Like, if all of my getters are .watch() streams, that's not just n+1 queries, it's n+1 watchers, streams, StreamBuilders, etc. How expensive are those abstractions, and... should I care? Does it even matter?

/// Lazy getters approach.
/// 
/// Simple, defers evaluation until render, but results in:
/// * n+1 queries and db watchers (or no db watchers with futures) 
/// * the need for lots of StreamBuilders or FutureBuilders
extension TaskMethods on Task {
  Stream<List<CalendarEvent>> get calendarEvents =>
      db.calendarEvents.query((ce) => ce.whereTaskIs(this)).watch();
}

/// Upfront complex query approach.
/// 
/// Only 1 query + stream, but:
/// * more complex query code (not a big deal)
/// * either awkward or redundant domain models (kind of annoying)
/// * _or_ TupleN results (also annoying/awkward)
extension AppDatabaseMethods on AppDatabase {
  Stream<List<Tuple2<Task, List<CalendarEvent>>>> tasksWithEvents() => tasks
      .query()
      .join([leftOuterJoin(calendarEvents, calendarEvents.onTaskRef(tasks))])
      .watch()
      .map(
        arrayAgg(
          (row) => row.readTable(tasks),
          (row) => row.readTableOrNull(calendarEvents),
        ),
      )
      .map(tuplify2);
}
arrayAgg and tuplify2 for those interested ```dart /// Aggregate the results of [readValue] into a `List` under the unique keys from [readKey]. /// /// Uses [LinkedHashMap] so order is maintained. LinkedHashMap> Function(List) arrayAgg( K Function(TypedResult) readKey, V? Function(TypedResult) readValue, ) => (rows) { final agg = LinkedHashMap>(); for (final row in rows) { final key = readKey(row); agg[key] ??= []; final value = readValue(row); if (value != null) { agg[key]!.add(value); } } return agg; }; /// Convert aggregates' entries into tuples of (key, value) List> tuplify2(Map aggregates) => aggregates.entries.map((e) => Tuple2(e.key, e.value)).toList(); ```
It is also possible to use a generic record type like Tuple* to compose convenience getters, offsetting the pain of rewriting all your models for each view, but... it is still worse DX than just lazily streaming methods from already-generated models IMO ```dart extension TaskWith on Tuple2 { Task get task => first; String get title => first.title; String get description => task.description; } extension TaskWithEventsGetters on Tuple2> { List get calendarEvents => second; } /// The below uses both extensions String _firstStart(Tuple2> t) => t.title + ' ' + t.calendarEvents.first.start.toString(); ```
simolus3 commented 3 years ago

That's an interesting question! In general, I think the cost of a sqlite query tends to be overestimated because most of us are coming from database servers where each query requires a network roundtrip. That's not an issue with sqlite, where simple queries are quite cheap. We could consider implementing a cache for prepared statements in moor to improve performance for queries with the same sql code but different variables. I didn't do any benchmarking to see if that's actually a bottleneck though.

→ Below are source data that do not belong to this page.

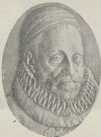
„De Vader des Vaderlands” 1533 — 24 April — 1933

Nederland en Indië hebben op indrukwekkende wijze den grooten Zwijger herdacht. Het moederland heeft „Willem-Vader” herdacht in een reeks van plechtige gebeurtenissen, in Delft, in Den Haag en Amsterdam en in vele steden en dorpen des lands.
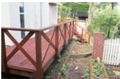
リフォーム工事完了 玄関前
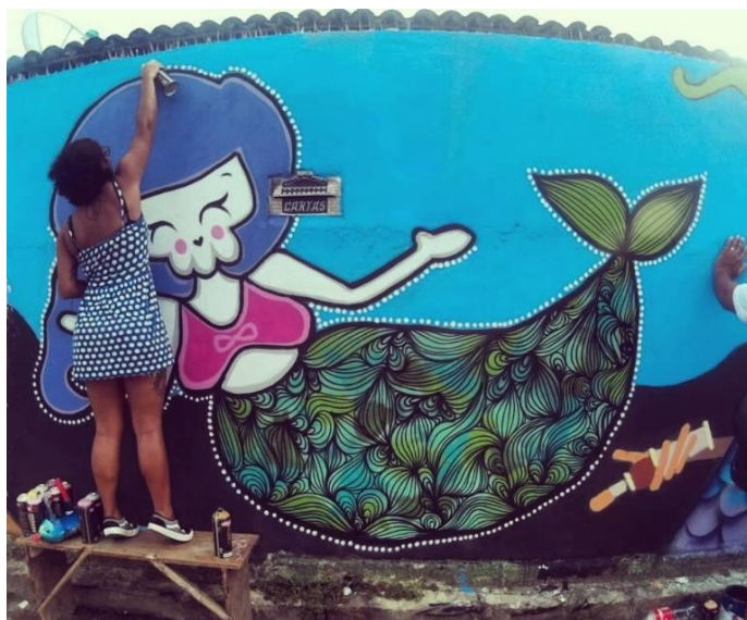
Figura 2 - Witch produzindo grafite, João Pessoa (PB), 2015.

Em muros e paredes das zonas urbanas das cidades, é comum observarmos pinturas e desenhos que ficam conhecidos como grafite. Na foto anterior você pôde observar a grafiteira Witch realizando um de seus trabalhos. A seguir, observe-a produzindo um de seus grafites.

But intuitively, I'd recommend optimizing for DX and then open issues in moor if you run into specific scenarios that the library could optimize. Stream queries don't have a high overhead, you just need to be aware that moor always invalidates streams on a per-table basis. So if you have say hundreds of independent streams on a table that all have to update for a tiny change affecting one row, that might cause a performance hit. In those cases, a single stream with joins might be a better solution.